I have a question about an entry on the following Wikipedia page - tf-idf ( term frequency–inverse document frequency). In the Matematical Details section where they are describing the inverse document frequency as follows:

idf(t, D) = log [itex]\frac{|D|}{|{d \in D : t \in d}|}[/itex]

This is my first attempt at Latex so I couldn't figure out how to put the {} symbols around the lower term.

It states that it is common to adjust the the lower term as follows to avoid division by zero:

|{d [itex]\in[/itex] D : t [itex]\in[/itex] d}| → 1 + |{d [itex]\in[/itex] D : t [itex]\in[/itex] d}|

The article then continues on and states "the ratio inside the idf's log function is always greater than or equal to 1". However, if a word appears in every document in the set D, you end up with a log that ends up negative.
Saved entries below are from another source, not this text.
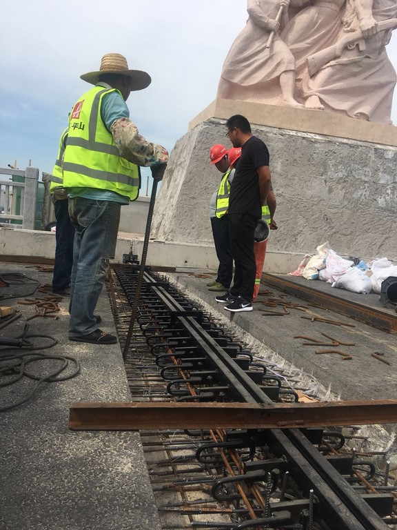 由于长江大桥在结构和尺寸上与以前结构设计大不相同,再加上多年来老桥伸缩缝维修频繁,因此此次伸缩缝的设计要求颇高。平山公司作为省内伸缩缝行业的排头兵,在伸缩缝的设计、制造、安装施工等方面有着多年的施工经验,中标后,公司多次派人现场勘察,设计了针对长江大桥桥面情况的特制版伸缩缝。该伸缩缝中间是型钢,两侧是同色高强度混凝土,能够承载大的荷载冲击而不变形,结构也更能适应老的桥面和梁体的结构深度,建成后的伸缩缝基本路面齐平,行车时非常平稳,不会有跳车、颠簸的感觉。
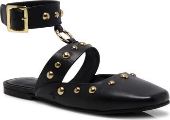 Glossy studs and geometric hardware add a bold aesthetic to a square-toe mule featuring a padded footbed and adjustable ankle strap for comfortable and secure wear.
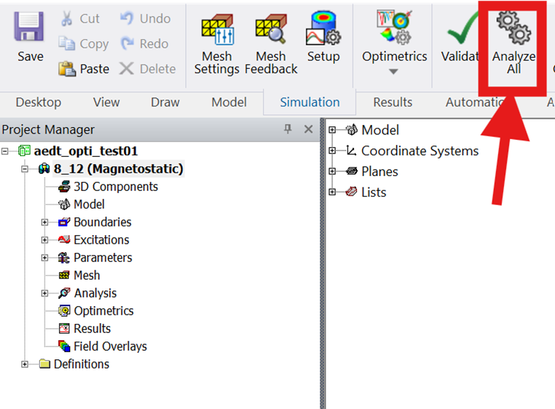 In AEDT, I setup a simple 3D Magnetostatic project and analyzed it:
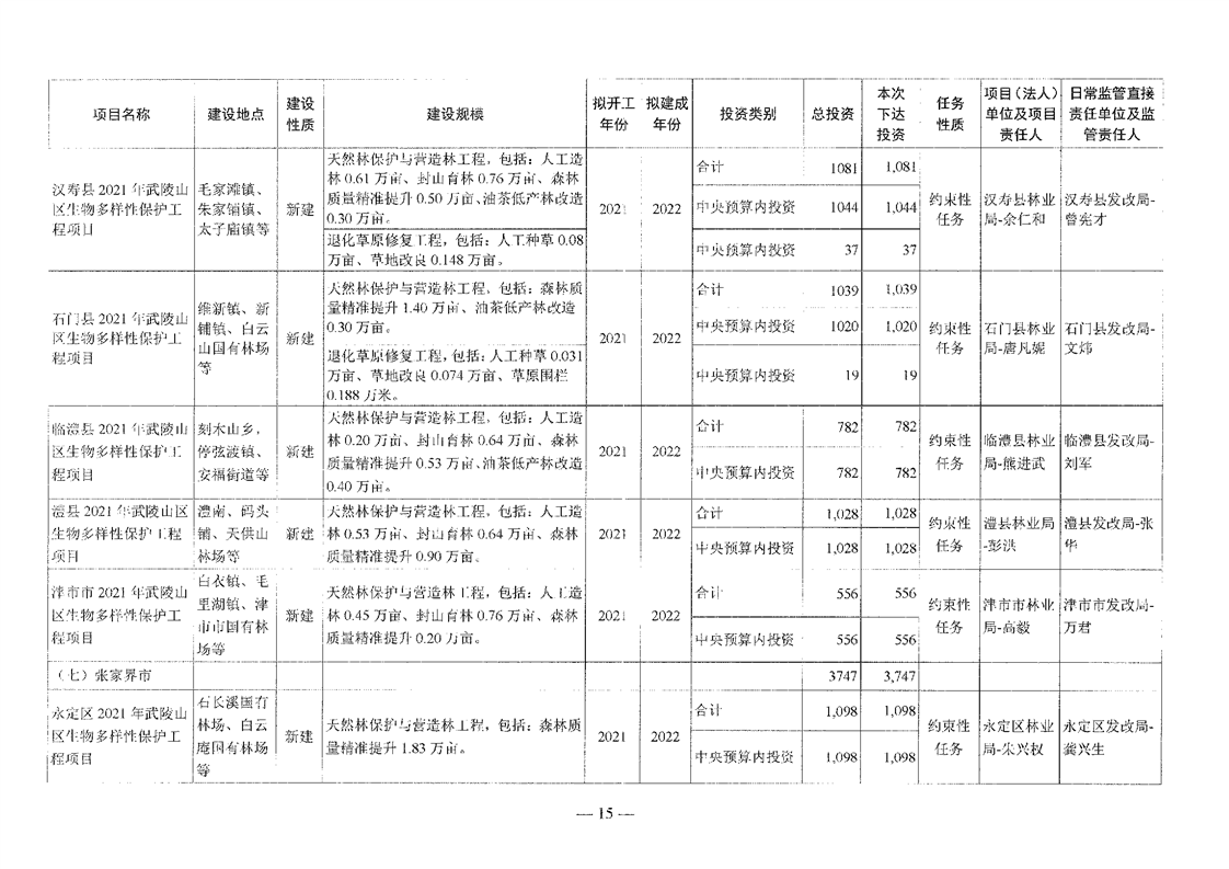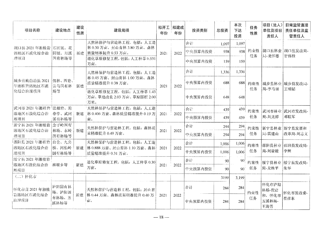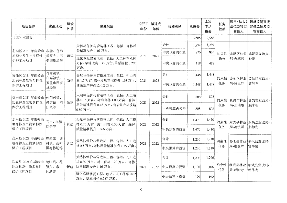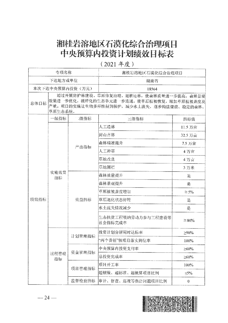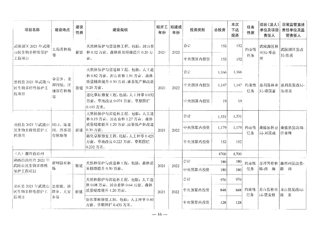 关于分解下达重点区域生态保护和修复专项2021年中央预算内投资计划的通知(湘发改投资[2021]545号)
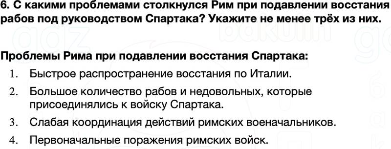 6. С какими проблемами столкнулся Рим при подавлении восстания рабов под руководством Спартака? Укажите не менее трёх из них.
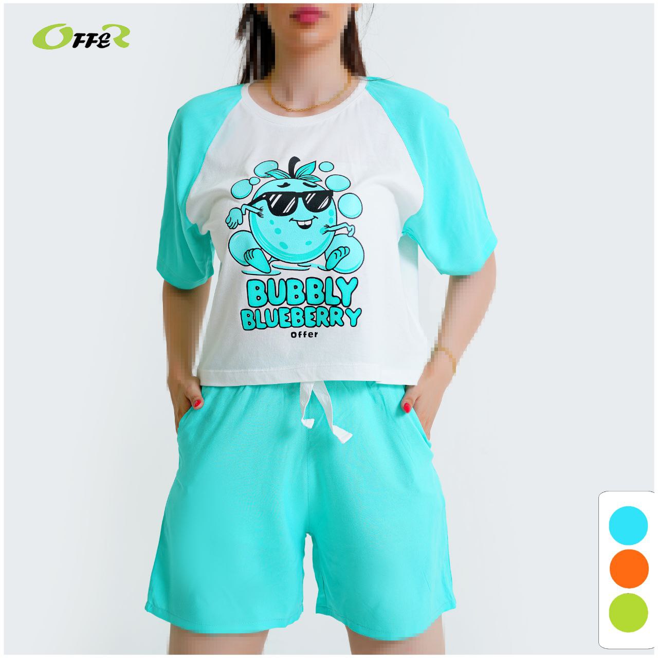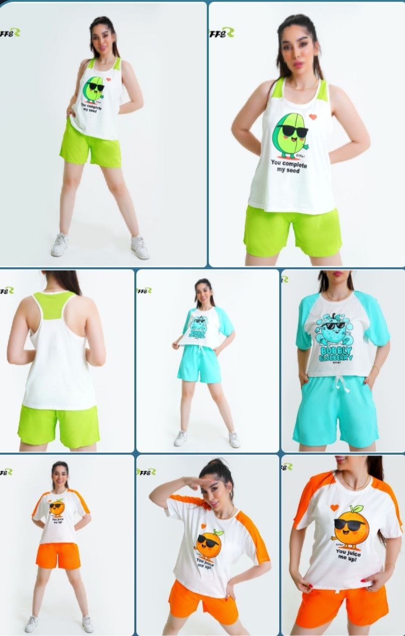📦بسته ها ۹تایی 🎨 ۳رنگ 🧵داخل بسته از هر ۳قواره یعنی تاپ و تیشرت و کراپ و همچنین هرسه چاپ آواکادو و بلوبری و پرتغال گذاشته شده است
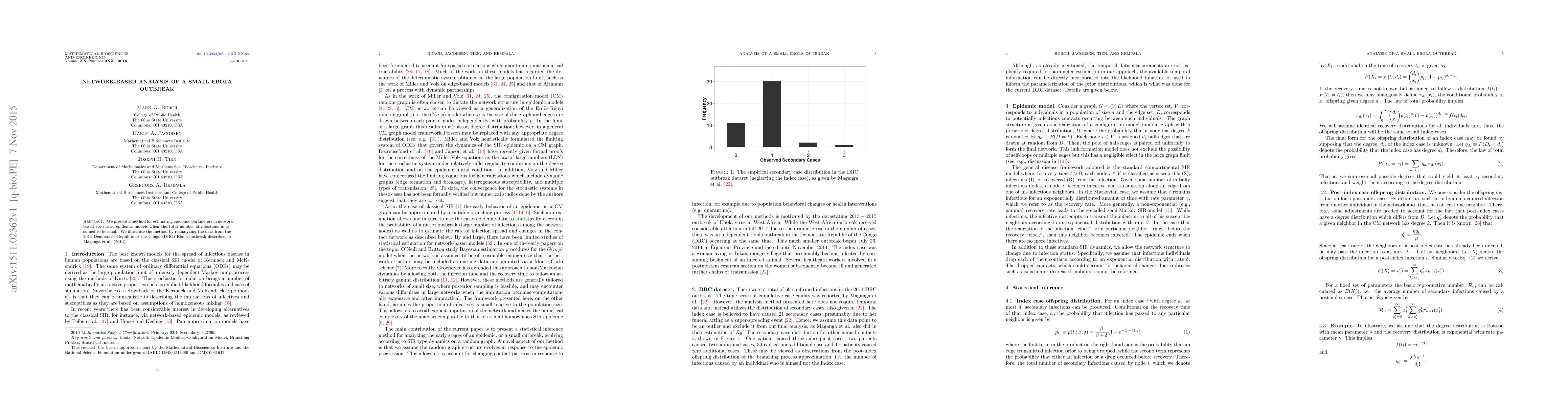 This paper introduces a network-based method for estimating epidemic parameters in small-scale outbreaks, demonstrated through a reanalysis of the 2014 DRC Ebola outbreak data, aiming to improve understanding of such events.

Shouldn't the value of D be increased by 1 in order for idf (t, D) to always be >= 0?

I'm thinking that the final formula should look like this:

idf(t, D) = log [itex]\frac{1 + |D|}{1 + |{d \in D : t \in d}|}[/itex]

AlephZero · Apr 7, 2013

Borg said:

This is my first attempt at Latex so I couldn't figure out how to put the {} symbols around the lower term.

To get the characters { and }, write \{ and \}.

However, if a word appears in every document in the set D, you end up with a log that ends up negative.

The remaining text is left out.